If you must measure a fish, Heyob and Swainson recommend doing it while the fish is in the water alongside the boat. "In a perfect world," Heyob says, "we'd just look at the fish in the water and remove the hooks. But many anglers want a picture or two and sometimes the actual weight of a big fish."
When lifting a large fish out of water, it's essential to support most of its weight with one hand under the belly. It's the same for using one of the new tools that grips a fish's mouth and contains a built-in scale. A more fish-friendly weighing method, according to Heyob, is to lift the fish in a knotless net turned on its side, using the gripping tool to hang onto the hoop to get the weight (subtract the net weight).
BASIC BASS BIOLOGY -- NEW RESEARCH ON HOW BASS STRIKE
Bass and many other fish capture prey by inhaling them, using a mechanism called suction feeding. Sophisticated research techniques are now providing a clearer picture of how this happens. Understanding the basic elements of how a bass feeds can give insight to anglers, especially those who use plastic baits.
A recent article by Dr. Christopher Sanford and Dr. Peter Wainwright* described how the use of a technique called "sonomicrometry" provides a detailed picture of how a largemouth bass ingests prey by suction feeding. Two fundamental elements are at work in suction feeding. The first is an increase in volume of the mouth and throat by a rapid expansion of the surrounding structures. This creates a negative pressure, which in turn causes a rapid inflow of water (and prey) into the mouth of the bass. The negative pressure is caused by a sequential set of complex muscular actions, which result in first opening the mouth, then depressing the throat through the displacement of the hyoid bone (the bone that forms part of our Adam's apple), and finally the flaring of the gill covers.
Just before producing suction, a bass slightly increases the pressure in its mouth by reducing the size of its oral cavity. This, combined with the subsequent production of negative pressure, permits a greater velocity of water flow as the suction producing phase begins. These actions occur within a fraction of a second. The rapid expansion of space in the mouth and throat is the key to the generation of the negative pressure (suction), and this occurs in less than 0.2 seconds.
No wonder that a good worm fisherman has to have hair-trigger reflexes. What has not received much attention by biomechanics researchers is the mechanics of rejection of an object that is not deemed edible by a bass. Most worm fishermen have sometimes found that it's difficult, almost impossible, to strike back quickly enough to set the hook when a bass rejects a bait.

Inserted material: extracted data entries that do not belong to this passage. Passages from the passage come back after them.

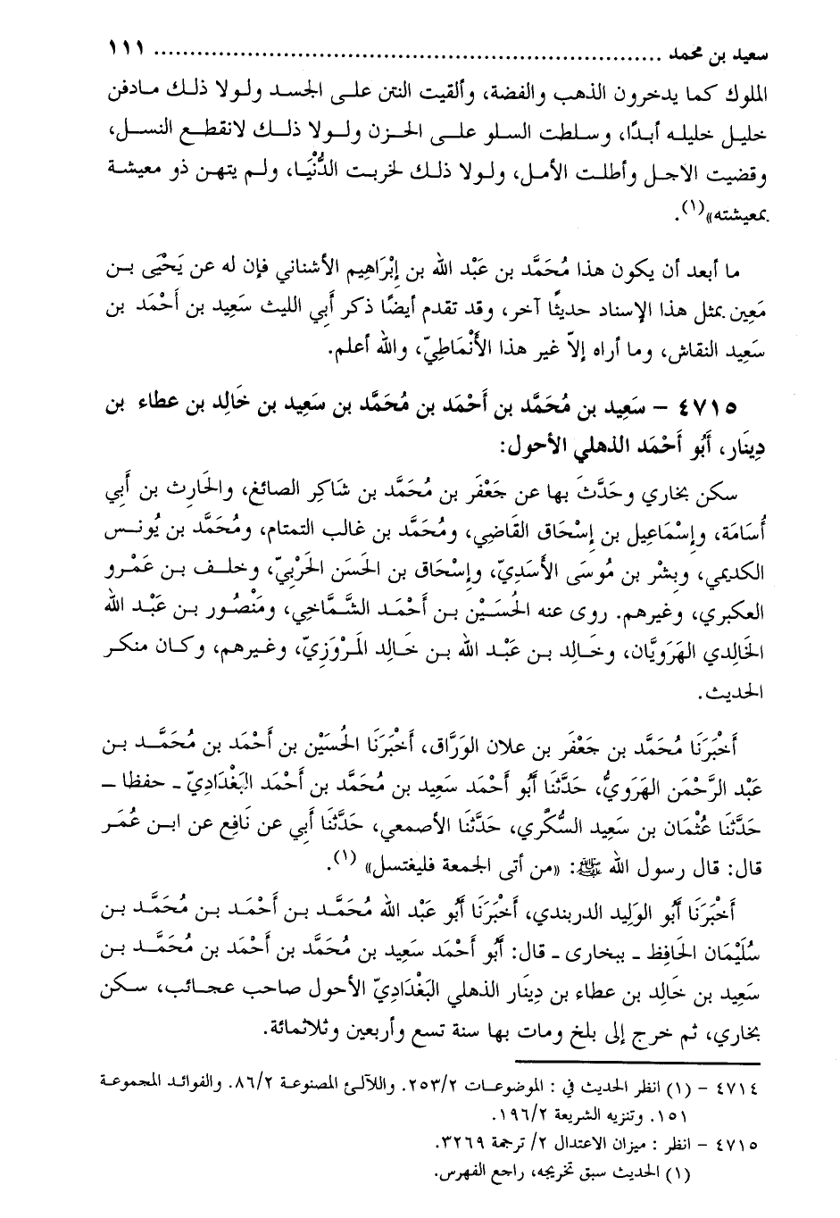 4715- سعيد بْن مُحَمَّد بْن أَحْمَد بْن مُحَمَّد بْن سعيد بن خالد بن عطاء بن دينار، أبو أحمد الذهلي الأحول [2] :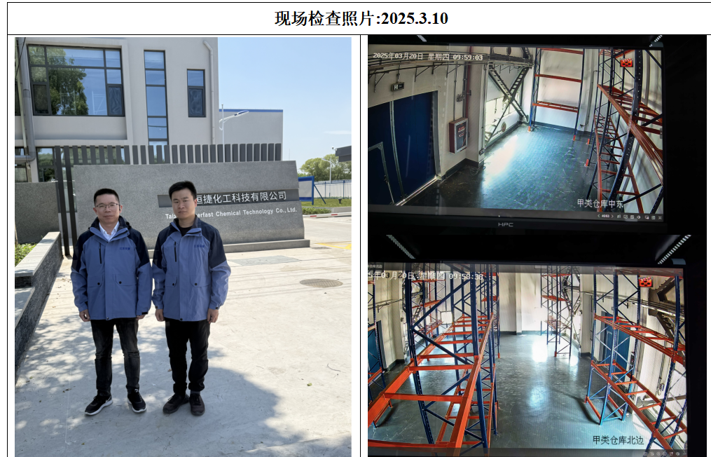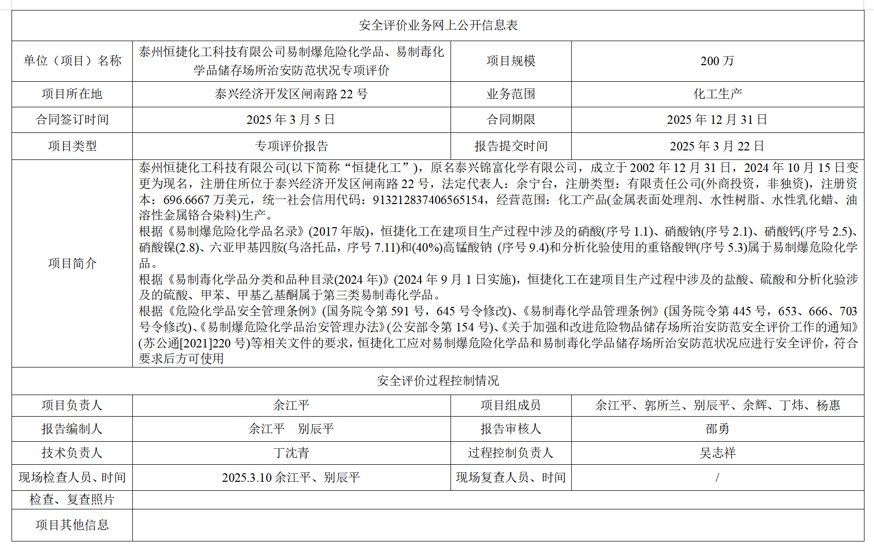 泰州恒捷化工科技有限公司易制爆危险化学品、易制毒化学品储存场所治安防范状况专项评价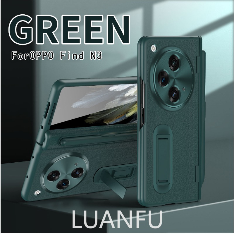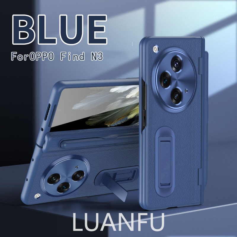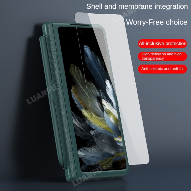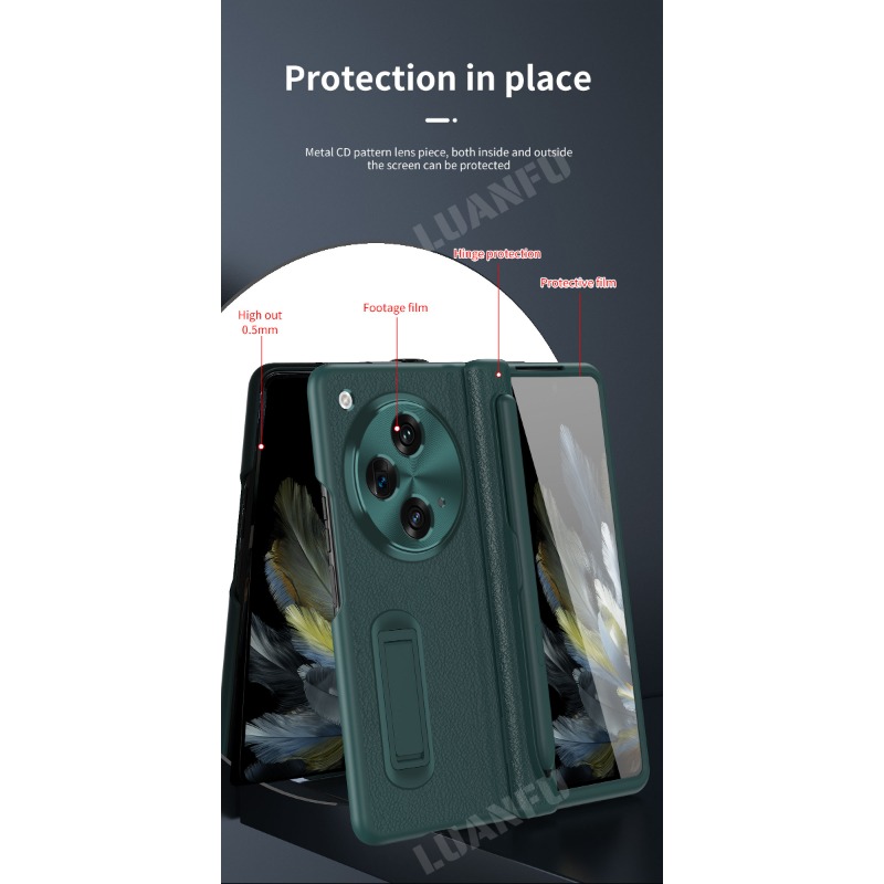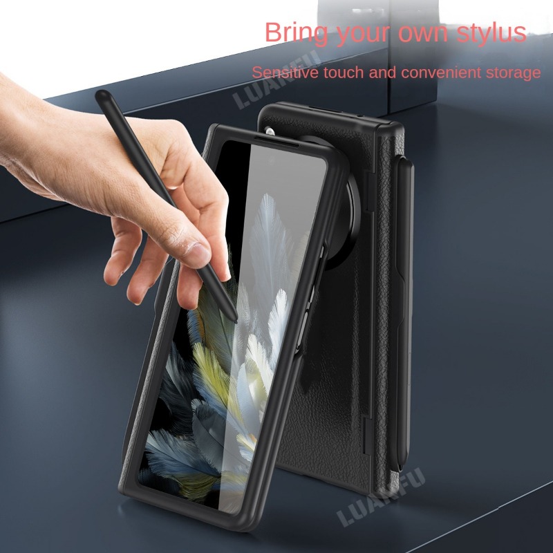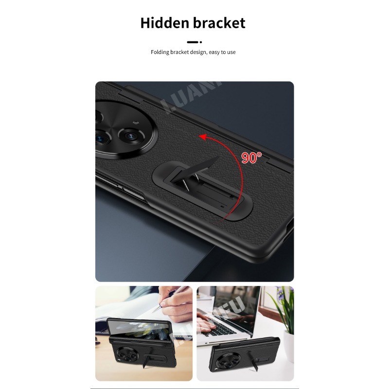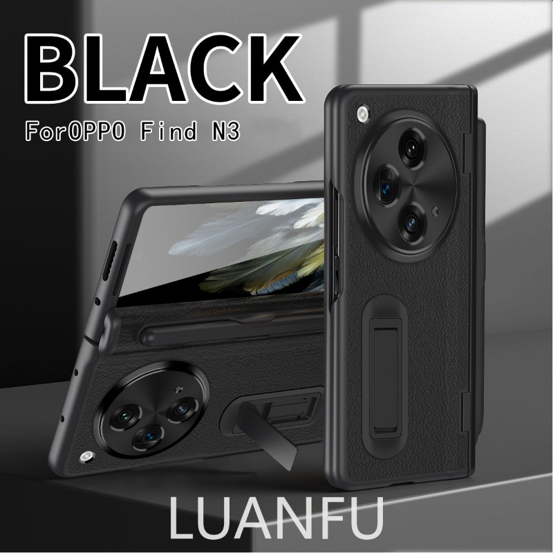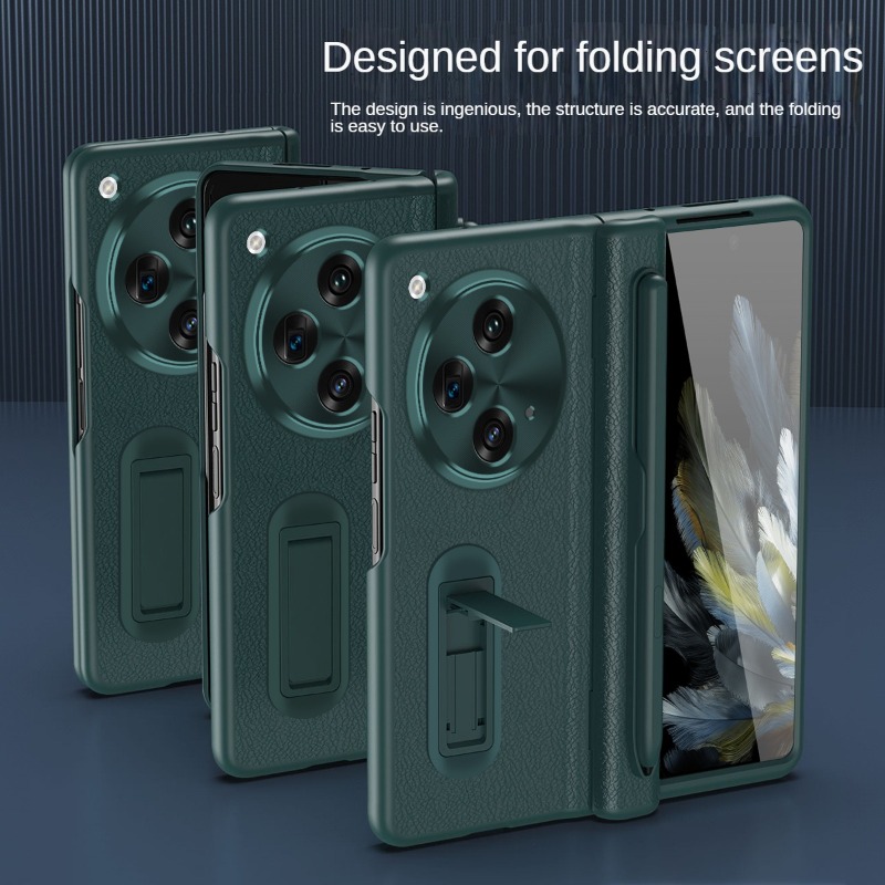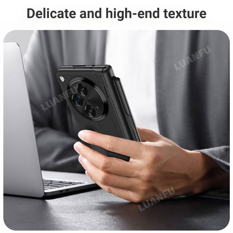 Case for Oppo Find N3 / OnePlus Open High-end Business Leather Hinge All-inclusive Protective Case with Pen Slot and S Pen HD Tempered Film Hidden Bracket Design Drop-proof and Shockproof Phone Case

*C.P.J. Sanford and P.C. Wainwright 2002. Use of sonomicrometry demonstrates the link between prey captured kinematics and suction pressure in largemouth bass. J. Experimental Biology 205:3445-3457.

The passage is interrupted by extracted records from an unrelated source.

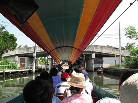 今までのアムパワーにもチャチュンサオのタラートローイピーにも、もしかするとサムチュック(スパンブリー)のタラートローイピーにもあったかも知れないがバンコク周辺の水上マーケットでボートツアーに参加したことはない。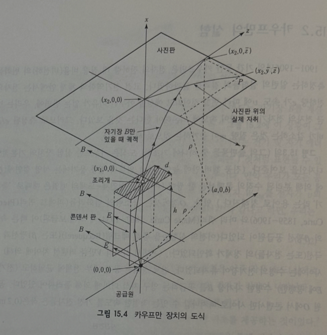 그림 15.3의 그의 출판물들 중 하나에 기초한 도식은 카우프만 실험 장치의 기본적인 디자인을 보여준다. 진공 챔버 안에 놓여 있는외부의 원통 용기에는 석영 절연체에 의해 분리된 수직의 콘덴서판 한 쌍이 (이 도체-절연체-도체의 배열은 때때로 '축전기' 라는 용어로 칭해진다.) 있다.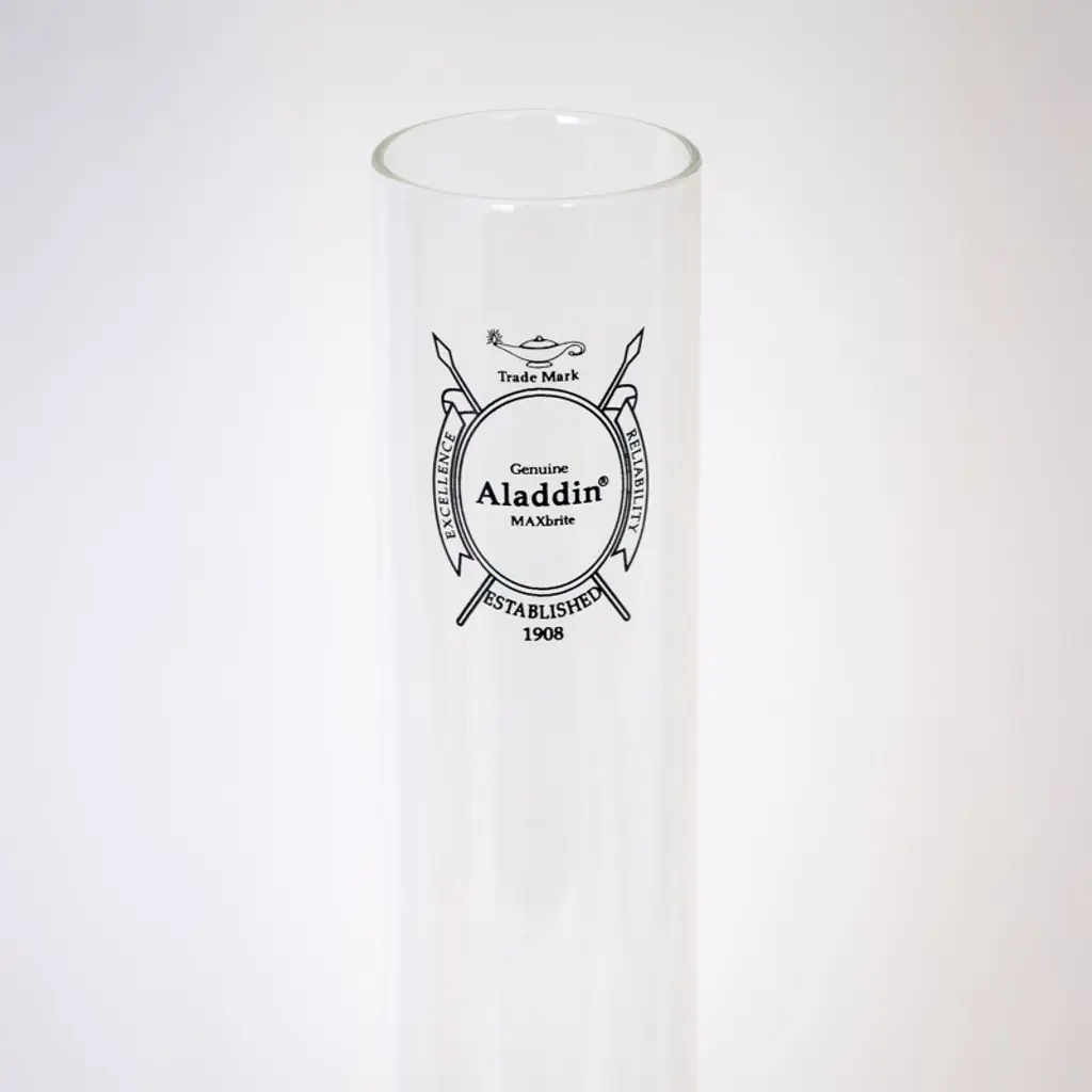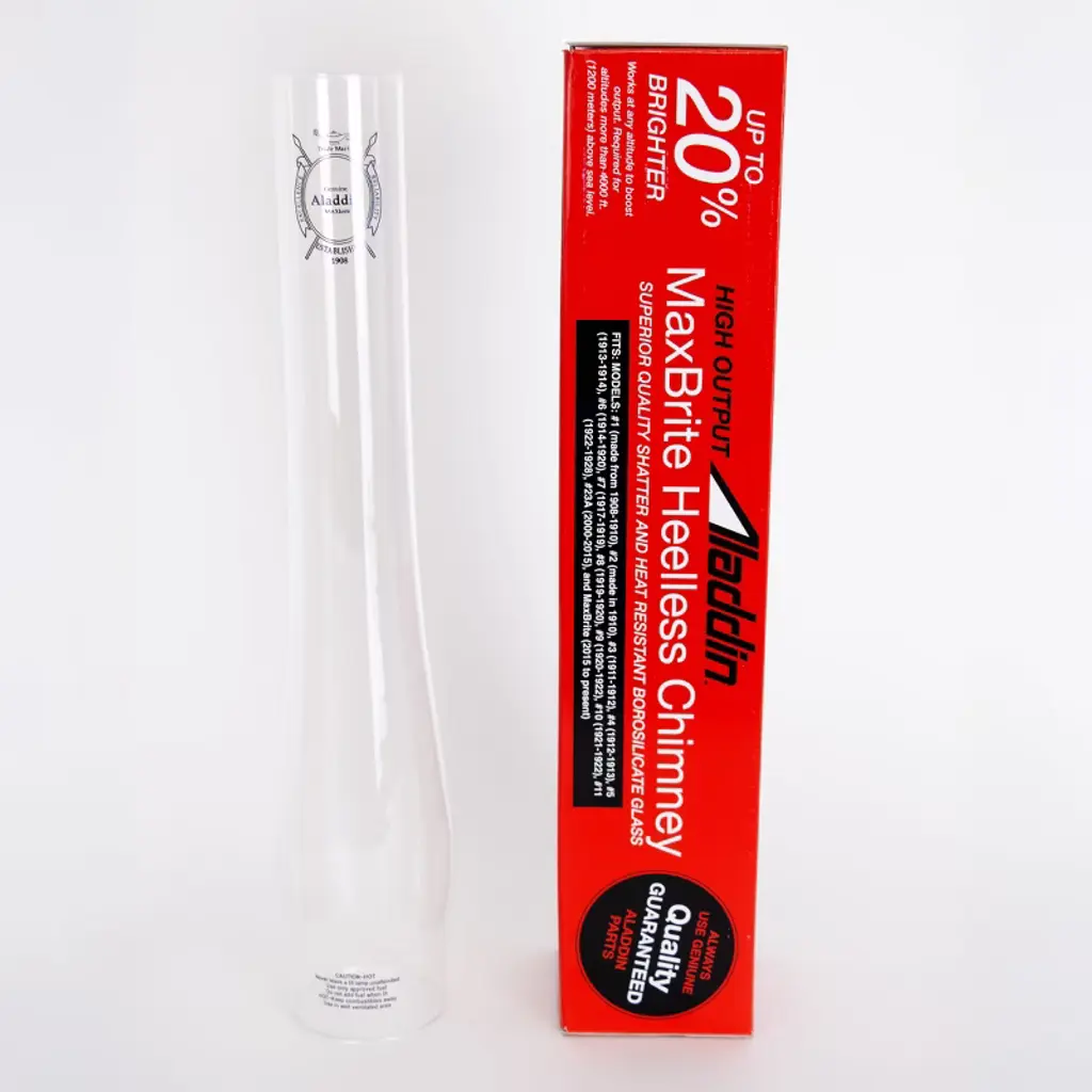 New high output chimney is 3" taller than a standard chimney. The increased height means more oxygen is drawn over the flame, resulting in up to 20% more light. Aladdin's exclusive borosilicate glass is shatter resistant and can withstand immense heat. All chimneys carefully inspected and are free of bubbles and other defects. It's the finest lamp chimney available! 15-1/2"H, 2-5/8" OD base. China. IMPORTANT: High Output Chimney is required at altitudes above 4,000 ft. Note: Logo on chimney is white. Measurements are approximate and can vary slightly. Find the Right Fit! MAXbrite (Heel-less) Chimney: Fits all models except 12, 21, 21c, 23, A, B, C.

HOW MUCH DIFFERENCE DOES LURE COLOR MAKE?
Experienced bass anglers know that lure color sometimes makes a difference in their catch. At times, lure visibility and its contrast against backgrounds, in addition to a lure's resemblance to natural forage, appear to influence the catch. But we have little scientific data measuring such differences.
Biologists Gene Wilde, Kevin Pope, and Bart Durham of Texas Tech University* compared catch results with "blue shiner," "brown trout," "fathead minnow," and "firetiger" 3-1/2-inch-long Rapala minnowbaits. Fishing in a lightly fished 10-acre private pond, they rotated lures among four anglers until 183 bass from 5 to 17 inches were caught.

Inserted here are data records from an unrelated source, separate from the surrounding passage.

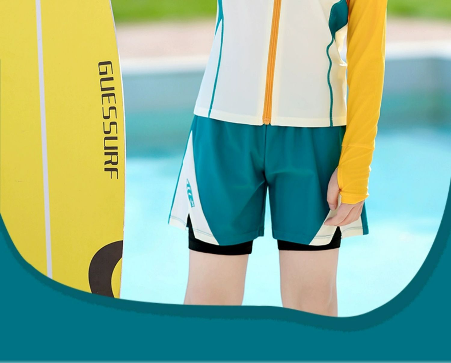 • 노란색 투피스 긴팔반바지 [부끄러움을 방지하기 위한 더블 레이어 하의]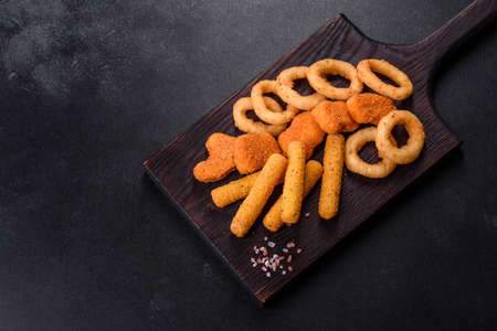 take away food mozzarella sticks, onion rings, french fries, chicken nuggets and sauce on a wooden board. banner, menu, recipe place for text.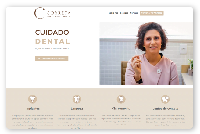 Correta odonto é uma clínica odontológica localizada na região central de Porto Alegre com foco em um atendimento personalizado e de qualidade e precisavam de um site para iniciar com as campanhas no google. Criamos então um site com um layout minimalista e com design elegante focado na fácil navegação do usuário e com call-to-actions bem distribuídas pelo site para facilitar o contato dos leads que entram pelas campanhas.

Comparison of catch rates revealed that firetiger lures took fewer large bass than the other three color patterns, but the difference was not statistically significant. In the fairly clear water of this heavily vegetated lake, firetiger lures caught only 3.88 fish per hour. Brown trout colored lures took 5.88 bass per hour, while both the blue-shiner and fathead-minnow imitations caught 6.25 bass per hour.
In this environment, matching a specific baitfish species didn't seem necessary. But baits with a more natural appearance were more effective and took slightly larger fish than high-visibility firetiger lures. Had the water been murky, the results might have been reversed.
*Wilde, G. R., K. L. Pope, and B. W. Durham. 2003. Lure-size restrictions in recreational fisheries. Fisheries 28(6):18-24.